Una decisione maturata dopo mesi di lavoro attorno a un progetto che avrebbe dovuto avere una forte connotazione civica, sostenuto però dai partiti del centrodestra. Un percorso che con il passare delle settimane avrebbe incontrato difficoltà sempre maggiori, fino a far venire meno alcuni dei presupposti posti dallo stesso Segre per accettare la candidatura.
I primi segnali erano arrivati già nei mesi scorsi. L’investitura ufficiale, inizialmente attesa a luglio e successivamente rinviata a settembre, non si è mai concretizzata. Una lunga fase di attesa durante la quale sul tavolo sono rimaste sia questioni tecniche sia, soprattutto, nodi di carattere politico.
Sul primo fronte pesa la posizione professionale di Segre e la necessità di affrontare gli adempimenti legati al suo incarico di vicequestore vicario a Lodi in caso di discesa nell’agone politico. Un percorso certamente delicato dal punto di vista dei tempi e delle procedure, ma che da solo non sembrerebbe spiegare la rinuncia.
A incidere maggiormente sarebbe stata invece la difficoltà di costruire attorno a Segre quella squadra compatta che l’ex vicequestore considerava fondamentale per dare vita al proprio progetto. Un primo passaggio significativo sarebbe stato il rifiuto di Matteo Gramignoli, considerato uno dei possibili punti di riferimento della componente civica che Segre aveva immaginato al proprio fianco. Un “no” che avrebbe contribuito a rendere più complessa la costruzione della lista e dell’intero progetto.
Ma il nodo principale riguarderebbe il rapporto con i partiti. Segre avrebbe chiesto un’autonomia significativa nella costruzione della proposta politica e della squadra, con l’obiettivo di presentarsi agli elettori con un progetto civico sostenuto dal centrodestra ma non rigidamente costruito secondo le logiche delle singole forze della coalizione.

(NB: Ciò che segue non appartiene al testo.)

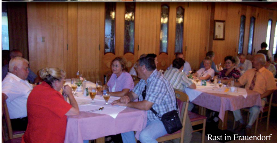
Rast in Frauendorf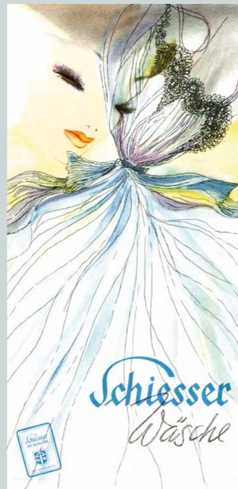
LILLO RASCH-NAEGELE Ein Traum von Wäsche, Werbung für Schiesser, um 1953

Lilo Rasch-Naegeles (* 1914 in Stuttgart, † 1978 in Leinfelden-Echterdingen) Werbefabriken für Daimler-Benz, Triumph, Salamander und andere namhafte Firmen verschaffen den Betrachterinnen und Betrachtern mit ihrer Schönheit und Eleganz einen Zugang zu verborgenen Welten.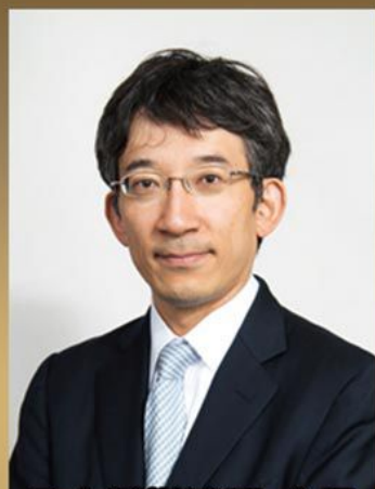
日本将棋連盟 会長 佐藤康光 九段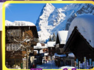
หมู่บ้านมูร์เร็น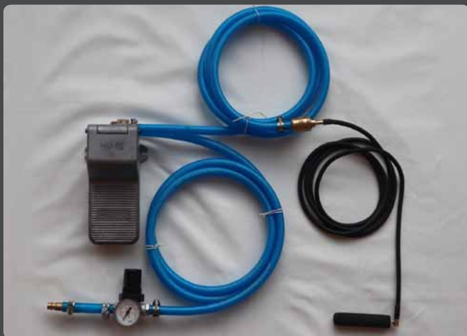
Abb. 10: Darstellung aller Elemente der Pneumatik-Glasmacherbank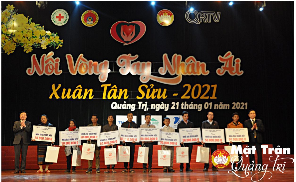
Chương trình Nói vòng tay nhân ái được tổ chức hằng năm - Ảnh: NP

UVBTVTU, Bí thư Đảng đoàn, Chủ tịch Ủy ban MTTQ Việt Nam tỉnh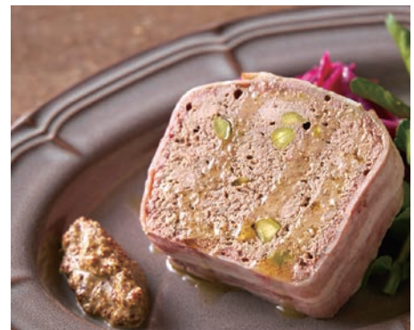
ぶ厚いパテ・ド・カンパーニュ

ガーリックバタートースト 450 (税込 495) Garlic butter toast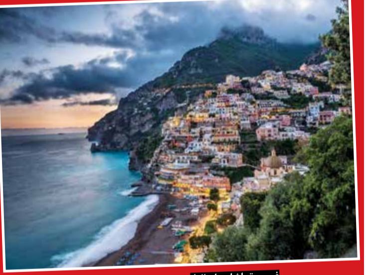
غروب تماشایی ایتالیا عکس روز نشنال جئوگرافیک غروب خورشید در پوزیتانوی ایتالیا را نشان می‌دهد. پیتر فریدمن، عکاس این عکس سه بار از این صحنه عکاسی کرد و پس از ترکیب آنها توانست به تصویری برسد که خودش در آن منطقه مشاهده کرده بود.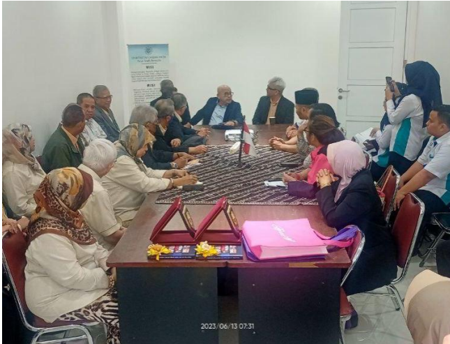
Para hadirin yang mengikuti sesi perbincangan antara UMP dan PSP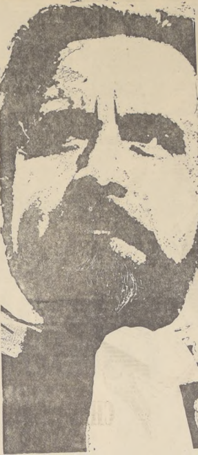
Roberto Carlos, cantante de música tropical, en un momento de su actuación.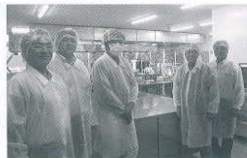
官民連携支援施設「ながとらポ」見学

ンドの創出や、域外への販路拡大も視野に入れた事業展開を後押ししています。続いて連携企業の代表としてフジミツ株を見学。域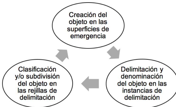
GRÁFICO 2: PROCESO DE CREACIÓN DE CONCEPTOS SEGÚN FOUCAULT

Fuente: Foucault, 1969: 65-69 Elaborado por: Samanta Andrade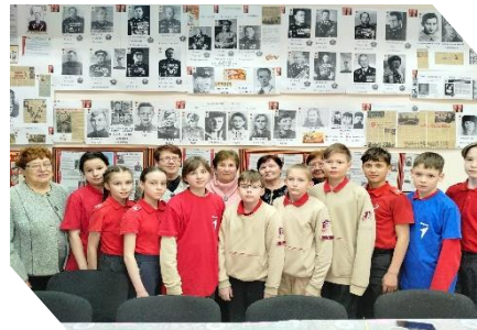
Диалоги о главном. Юнармейцы и ветераны завода: как прошлое встречается с будущим!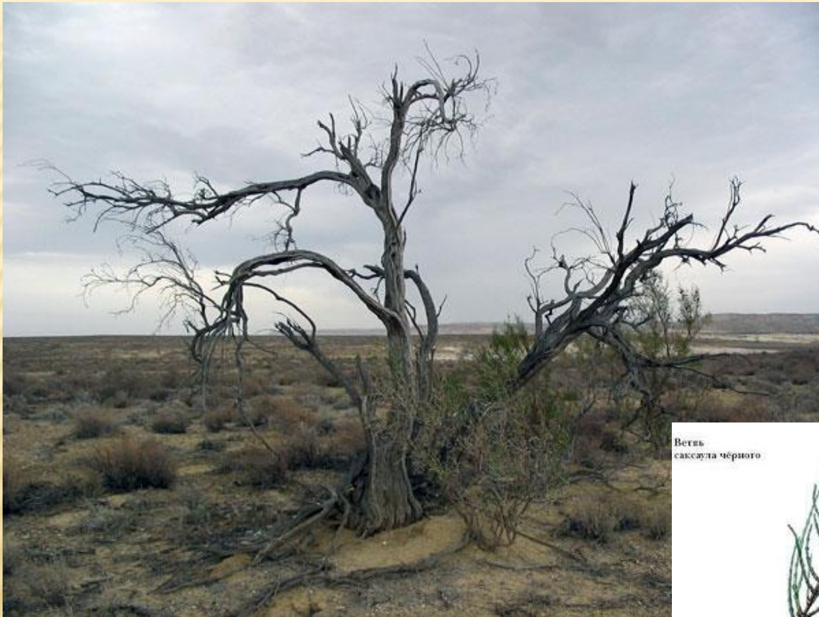
Ветвь саксаула чёрного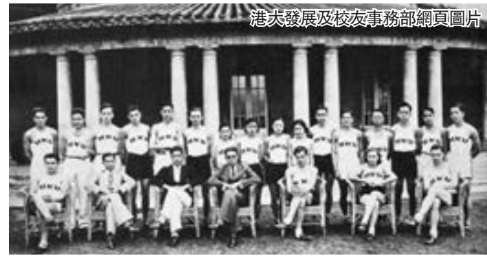
港大發展及校友事務部網頁圖片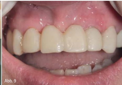
Abb. 2: Klinische Ausgangssituation: mit Komposit reparierte Frontzahnbrücke. – Abb. 3: Präparierte Zahnstümpfe. – Abb. 4: Reparieren des mit Structur 3 gefüllten Alginatabdrucks. – Abb. 5: Noch leicht elastisches Structur 3-Material nach Entfernung der Abformung. – Abb. 6: Natürlicher Glanz nach Abwischen der Inhibitionsschicht. – Abb. 7: Kontrolle der grob ausgearbeiteten provisorischen Brücke. – Abb. 8: Das ansprechende Ergebnis dank Nano-Hybrid-Technologie. – Abb. 9: Eingesetzte Structur 3-Brücke.

Vor der Neuanfertigung wird eine Alginatabformung genommen, die als Negativform für die Structur 3-Versorgung nach der Brückentfernung und der Nachpräparation dient. Früher hat unsere Praxis bei der Herstellung von Provisorien aus weniger belastbarem Material Silikonabformungen für die Herstellung der temporären Kronen und Brücken genommen und zurückgelegt, um bei durchaus aufgetretenen Beschädigungen mit dem gelagerten Silikonabdruck Reparaturen und Neuanfertigungen herzustellen. Dies ist seit der Verwendung von Structur 3 aufgrund unserer guten Erfahrungen mit dem Material nicht länger nötig.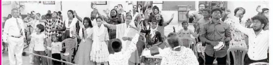
Children and Youth Rally

প্রতি রবিবার মণ্ডলী উপাসনার পর আমরা নিয়মিত অল্প বয়েসী শিশুদের সঙ্গে মিলিত হই। এই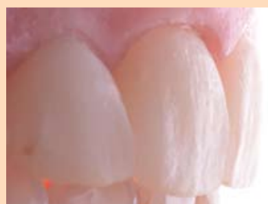
Slika 7a i 7b: Površine mock-upa lagano se obrađuju.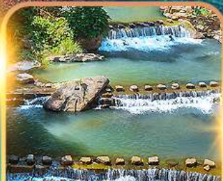
น้ำตกสามชั้นวังเซียน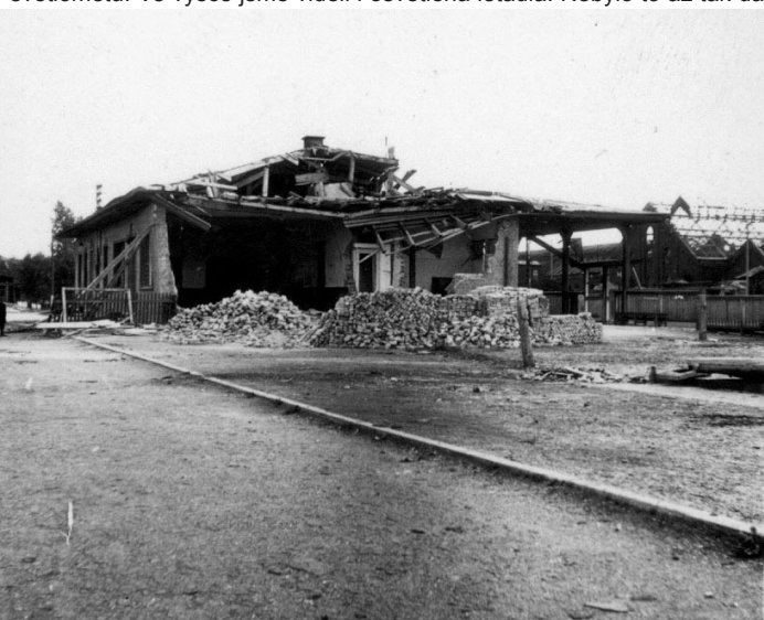
holýšovské nádraží krátce po bombardování

Až se to stalo! Jeden večer začaly kolísavě houkat sirény. Letecký poplach! U nás v domě ještě nebyly kryty, a tak všichni se běželi schovat do Čermenského lesíku. Slyšeli jsme zdáli směrem na Plzeň slabé výbuchy. Nebe se tam rozzářilo křížovaně pohybujícími se jasnými pruhy světlometů. Ve výšce jsme viděli i osvětlená letadla. Nebylo to až tak daleko. Druhý den jsme se dozvěděli, že bombardovali Dobřany, že to měl být nálet na Plzeň a že se asi spletli. Přelety (a tím i poplachu) svazů bombardovacích letadel byly častější. Naproti našemu domu od schodů doprava byl nevyužívaný sklad Šamotky. Uvnitř udělali narychlo hodně cihlových příček, bez stropů. To byl náš kryt. Střeška tohoto objektu i našeho domu byla prkenná, potažená lepenkou. Na chodbě u středu našeho domu byl železný velký kruh se železným kladivem. Kdo slyšel první houkat, tak také mohl zabouchat na kruh. Zvonilo to tak hlasitě, že při sebevětším hluku v bytě to bylo slyšet. A všichni museli do krytu.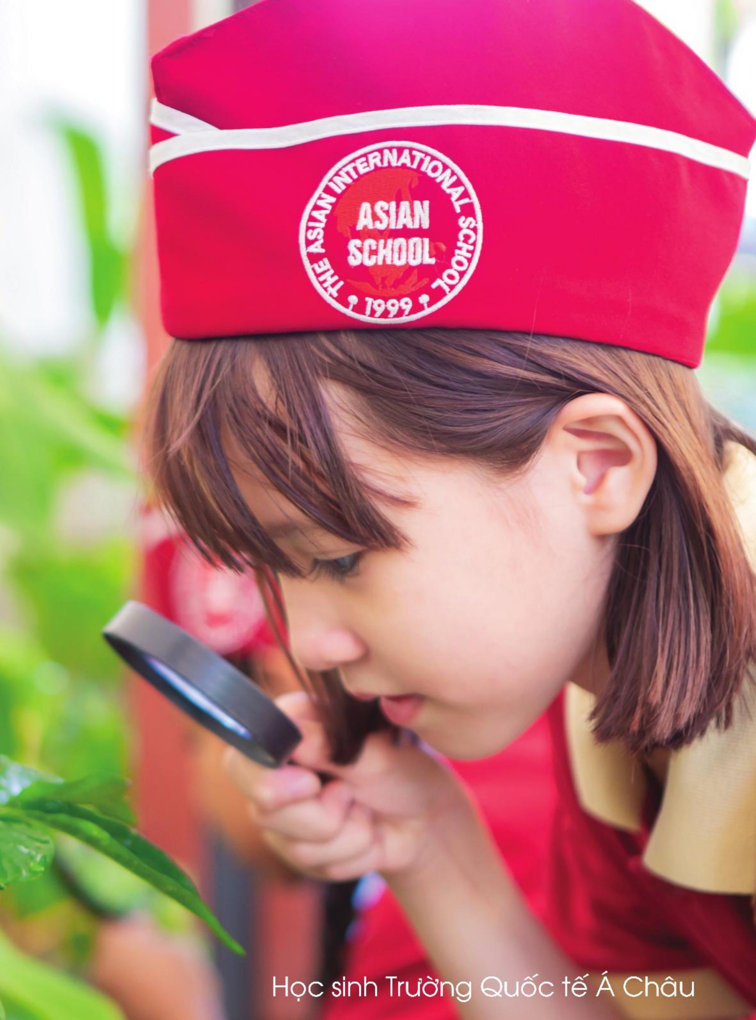
Học sinh Trường Quốc tế Á Châu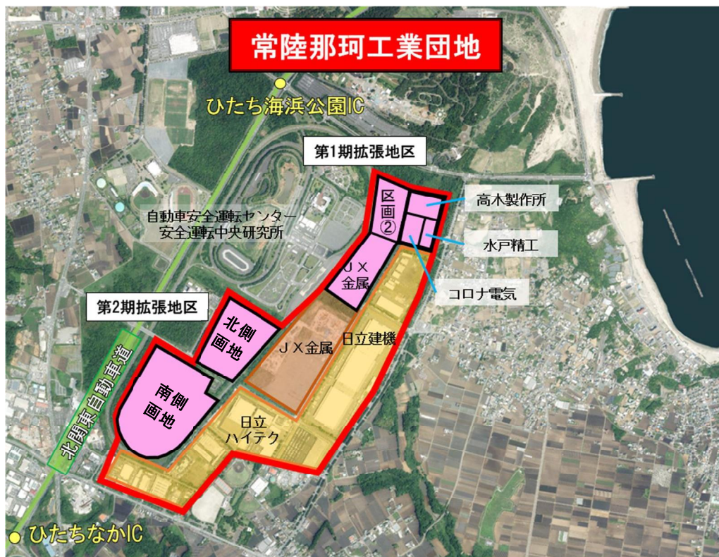
(参考) 常陸那珂工業団地拡張地区の全体図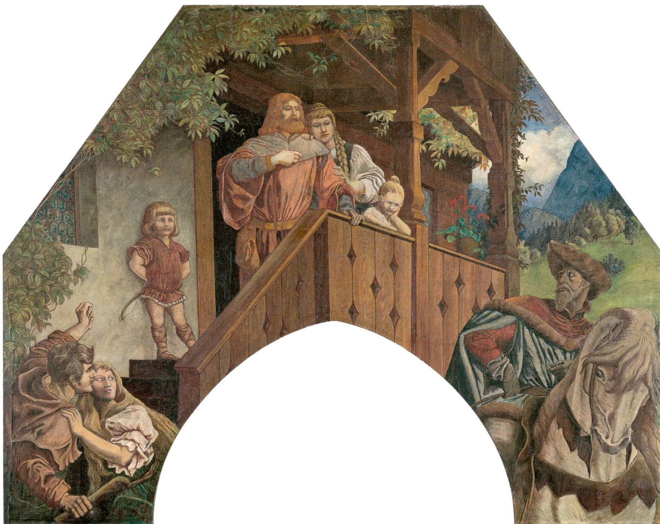
Abb. 2 Die legendenhafte Überlieferung im Weissen Buch von Sarnen zur Auseinandersetzung zwischen Stauffacher und dem Landvogt Gessler vor dem steinernen Wohnhaus Stauffachers im schwyzerischen Dorf Steinen wurde 1891 durch den aus Passau stammenden und vor allem in München tätigen Historienmaler Ferdinand Wagner (1847–1927) künstlerisch umgesetzt.

Die heutige als Schwyz bezeichnete, unmittelbar um die Kirche St. Martin samt Friedhof gruppierte Ortschaft wird – wie bereits erwähnt – in den Quellen seit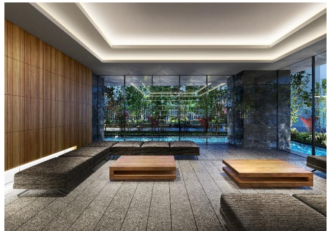
エントランスホール完成予想図（※1）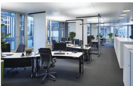
Sky Key 035 (4954x3446 Pixel)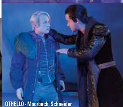
OTHELLO · Moorbach, Schneider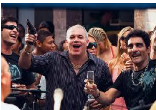
Figura 8: Milicianos comemorando o sucesso dos negócios.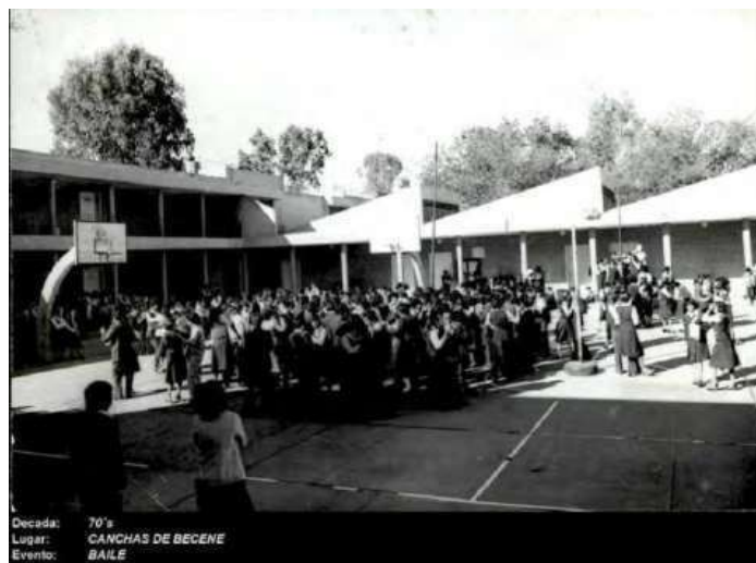
Baile escolar. Año 1970.

Años más tarde fue declarada la Benemérita y Centenaria Escuela Normal del Estado de San Luis Potosí como una institución que admitiría estudiantes de ambos géneros tras publicar su fundador el Decreto No. 41, dando paso a la inauguración de la Escuela Normal Potosina. Durante sus primeros años la Normal estuvo bajo el cargo directivo del Profesor Pedro Vallejo, quien se basaba en los principios rectores de la escuela lancasteriana que supone una enseñanza mutua, por medio de monitores, a diferencia de la enseñanza tradicional.

Con il passare del tempo sarebbero invece emerse, con maggiore forza, richieste politiche legate a ruoli, rappresentanza e spazi all’interno del progetto. Una dinamica che, insieme alle divisioni già presenti nella coalizione, avrebbe progressivamente allontanato l’impostazione dalla quale Segre era partito.
Elementi che, è bene sottolinearlo, attendono ora di essere confermati o smentiti direttamente dall’interessato. L’eventuale comunicazione ufficiale del ritiro potrebbe quindi chiarire definitivamente le ragioni di una scelta destinata comunque a modificare profondamente lo scenario politico cittadino.
Per il centrodestra significa infatti tornare alla ricerca di un candidato a nove mesi dalle elezioni amministrative. Una scelta che dovrà anche fare i conti con gli equilibri interni a una coalizione che, nelle ultime settimane, ha attraversato una fase particolarmente movimentata.
La candidatura di Segre, sulla quale si era lavorato per mesi, sembra dunque destinata a tramontare. E mentre il centrodestra è chiamato a ripartire, al momento sullo scacchiere delle prossime amministrative resta un solo candidato ufficialmente in campo: il sindaco uscente Fabio Bergamaschi.